PROMPT -> Every entry must be repeated exactly. Exclude all pictures.

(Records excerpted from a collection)
==============================
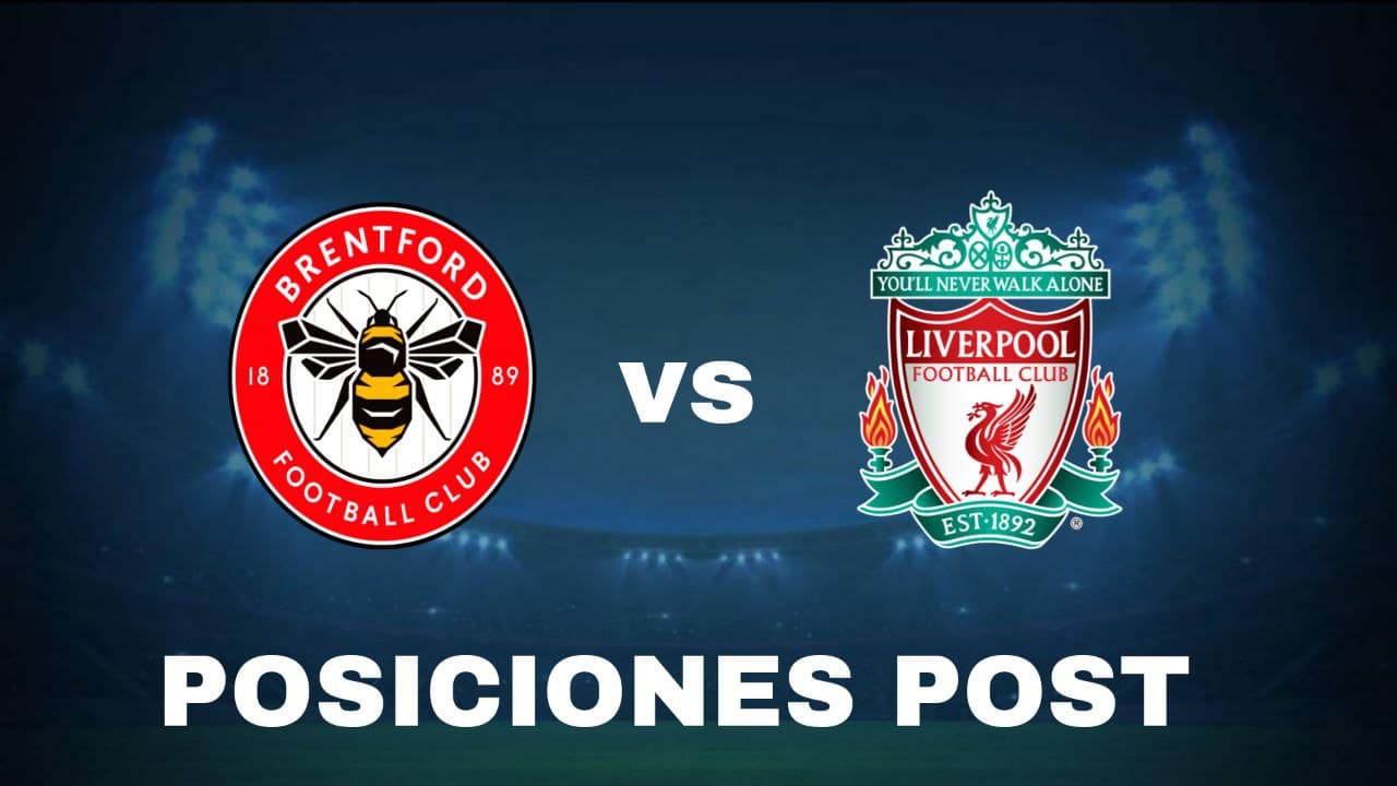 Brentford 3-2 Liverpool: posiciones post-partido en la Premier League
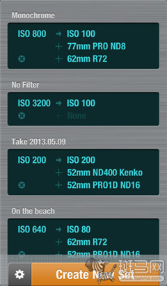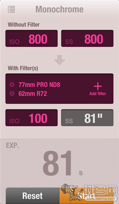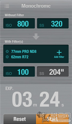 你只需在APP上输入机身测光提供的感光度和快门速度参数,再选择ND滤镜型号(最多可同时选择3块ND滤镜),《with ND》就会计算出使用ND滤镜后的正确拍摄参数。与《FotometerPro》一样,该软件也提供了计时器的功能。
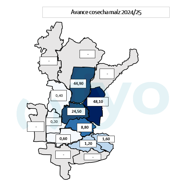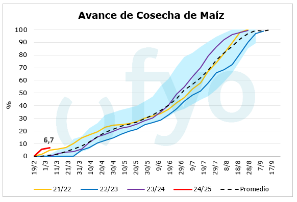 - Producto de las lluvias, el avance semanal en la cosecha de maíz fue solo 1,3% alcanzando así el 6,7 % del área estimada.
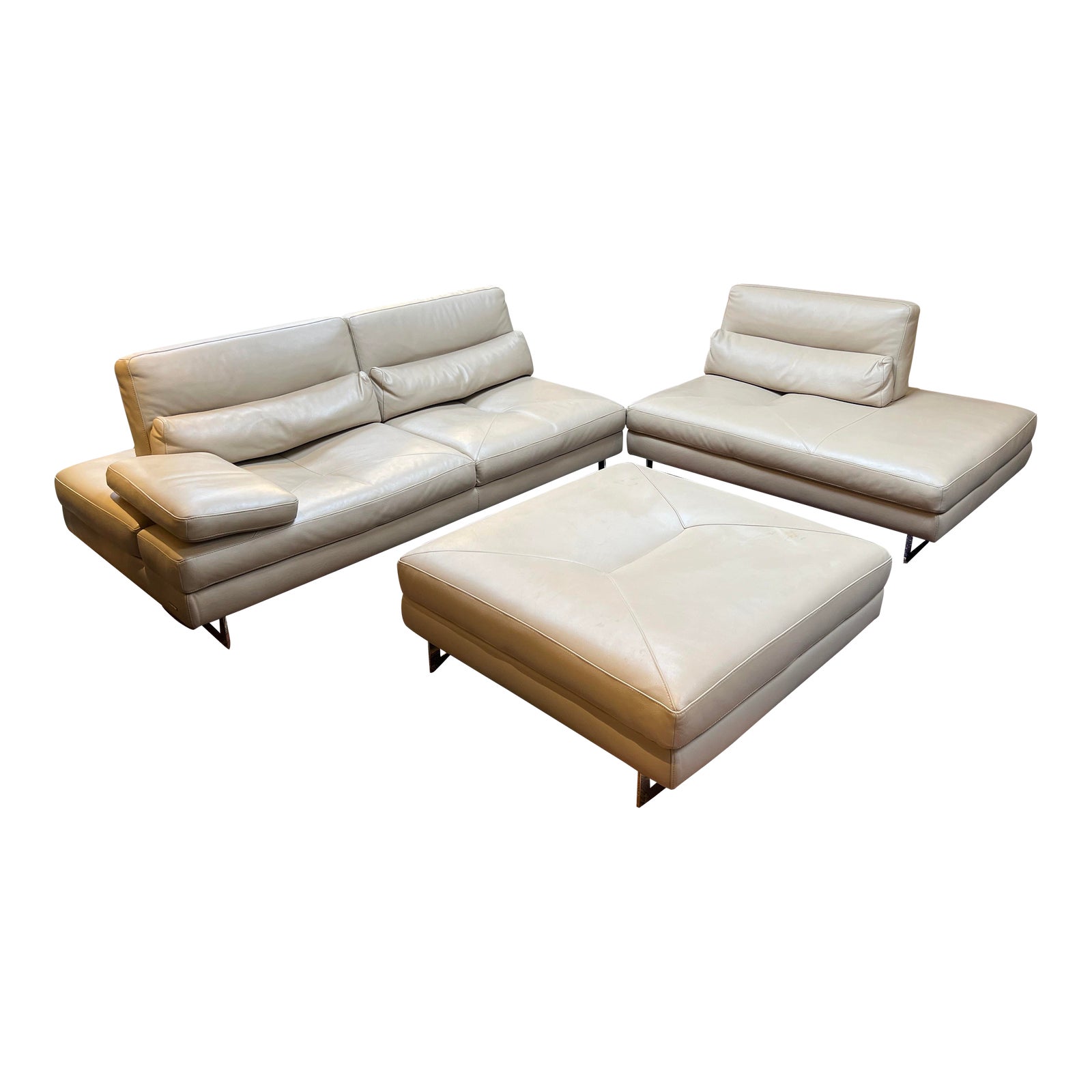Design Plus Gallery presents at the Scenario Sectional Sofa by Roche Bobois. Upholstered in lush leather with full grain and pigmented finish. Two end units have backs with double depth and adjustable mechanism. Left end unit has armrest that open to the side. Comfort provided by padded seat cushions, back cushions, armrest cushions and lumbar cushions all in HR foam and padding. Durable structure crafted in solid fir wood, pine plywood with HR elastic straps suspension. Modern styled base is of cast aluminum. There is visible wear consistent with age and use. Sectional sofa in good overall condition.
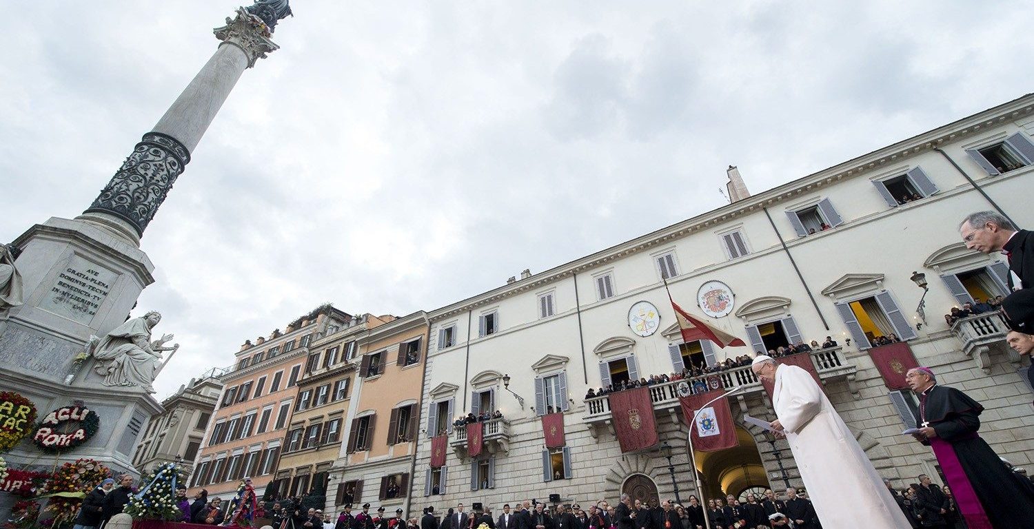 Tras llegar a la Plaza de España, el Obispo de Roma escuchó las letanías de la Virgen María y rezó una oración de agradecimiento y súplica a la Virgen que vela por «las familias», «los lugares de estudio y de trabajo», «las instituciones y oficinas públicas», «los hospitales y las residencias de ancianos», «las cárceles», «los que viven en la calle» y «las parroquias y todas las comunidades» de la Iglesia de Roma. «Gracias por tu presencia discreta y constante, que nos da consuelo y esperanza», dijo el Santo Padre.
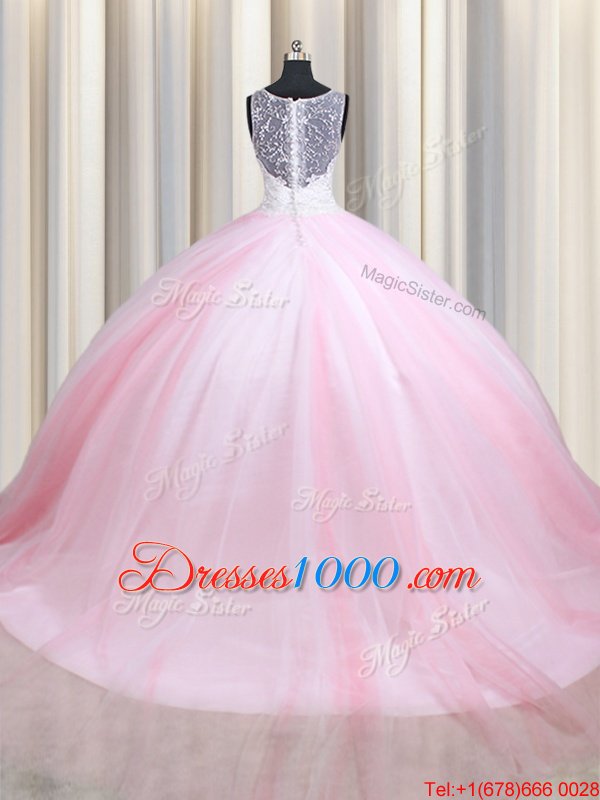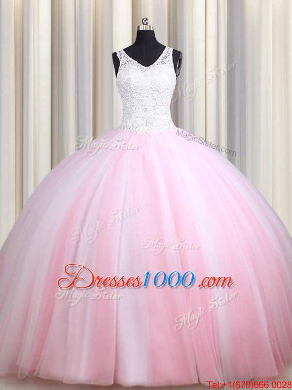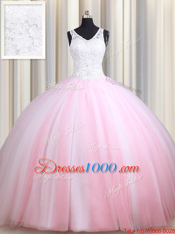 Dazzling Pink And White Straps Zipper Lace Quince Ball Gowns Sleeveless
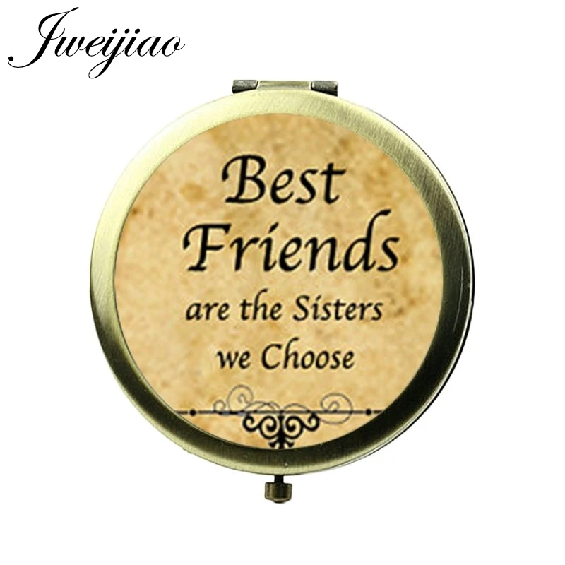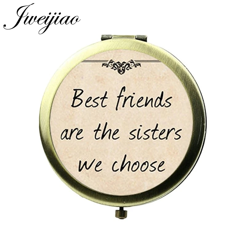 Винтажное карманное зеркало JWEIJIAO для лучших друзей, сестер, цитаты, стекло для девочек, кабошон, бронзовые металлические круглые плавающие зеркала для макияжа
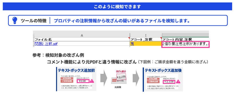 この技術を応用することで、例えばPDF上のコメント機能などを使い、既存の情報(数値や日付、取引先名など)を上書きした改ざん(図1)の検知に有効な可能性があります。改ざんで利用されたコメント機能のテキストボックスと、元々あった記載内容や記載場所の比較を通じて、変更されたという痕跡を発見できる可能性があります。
==============================
PROBLEM SOLUTION ->
 Brentford 3-2 Liverpool: posiciones post-partido en la Premier League
 你只需在APP上输入机身测光提供的感光度和快门速度参数,再选择ND滤镜型号(最多可同时选择3块ND滤镜),《with ND》就会计算出使用ND滤镜后的正确拍摄参数。与《FotometerPro》一样,该软件也提供了计时器的功能。
 - Producto de las lluvias, el avance semanal en la cosecha de maíz fue solo 1,3% alcanzando así el 6,7 % del área estimada.
Design Plus Gallery presents at the Scenario Sectional Sofa by Roche Bobois. Upholstered in lush leather with full grain and pigmented finish. Two end units have backs with double depth and adjustable mechanism. Left end unit has armrest that open to the side. Comfort provided by padded seat cushions, back cushions, armrest cushions and lumbar cushions all in HR foam and padding. Durable structure crafted in solid fir wood, pine plywood with HR elastic straps suspension. Modern styled base is of cast aluminum. There is visible wear consistent with age and use. Sectional sofa in good overall condition.
 Tras llegar a la Plaza de España, el Obispo de Roma escuchó las letanías de la Virgen María y rezó una oración de agradecimiento y súplica a la Virgen que vela por «las familias», «los lugares de estudio y de trabajo», «las instituciones y oficinas públicas», «los hospitales y las residencias de ancianos», «las cárceles», «los que viven en la calle» y «las parroquias y todas las comunidades» de la Iglesia de Roma. «Gracias por tu presencia discreta y constante, que nos da consuelo y esperanza», dijo el Santo Padre.
 Dazzling Pink And White Straps Zipper Lace Quince Ball Gowns Sleeveless
 Винтажное карманное зеркало JWEIJIAO для лучших друзей, сестер, цитаты, стекло для девочек, кабошон, бронзовые металлические круглые плавающие зеркала для макияжа
 この技術を応用することで、例えばPDF上のコメント機能などを使い、既存の情報(数値や日付、取引先名など)を上書きした改ざん(図1)の検知に有効な可能性があります。改ざんで利用されたコメント機能のテキストボックスと、元々あった記載内容や記載場所の比較を通じて、変更されたという痕跡を発見できる可能性があります。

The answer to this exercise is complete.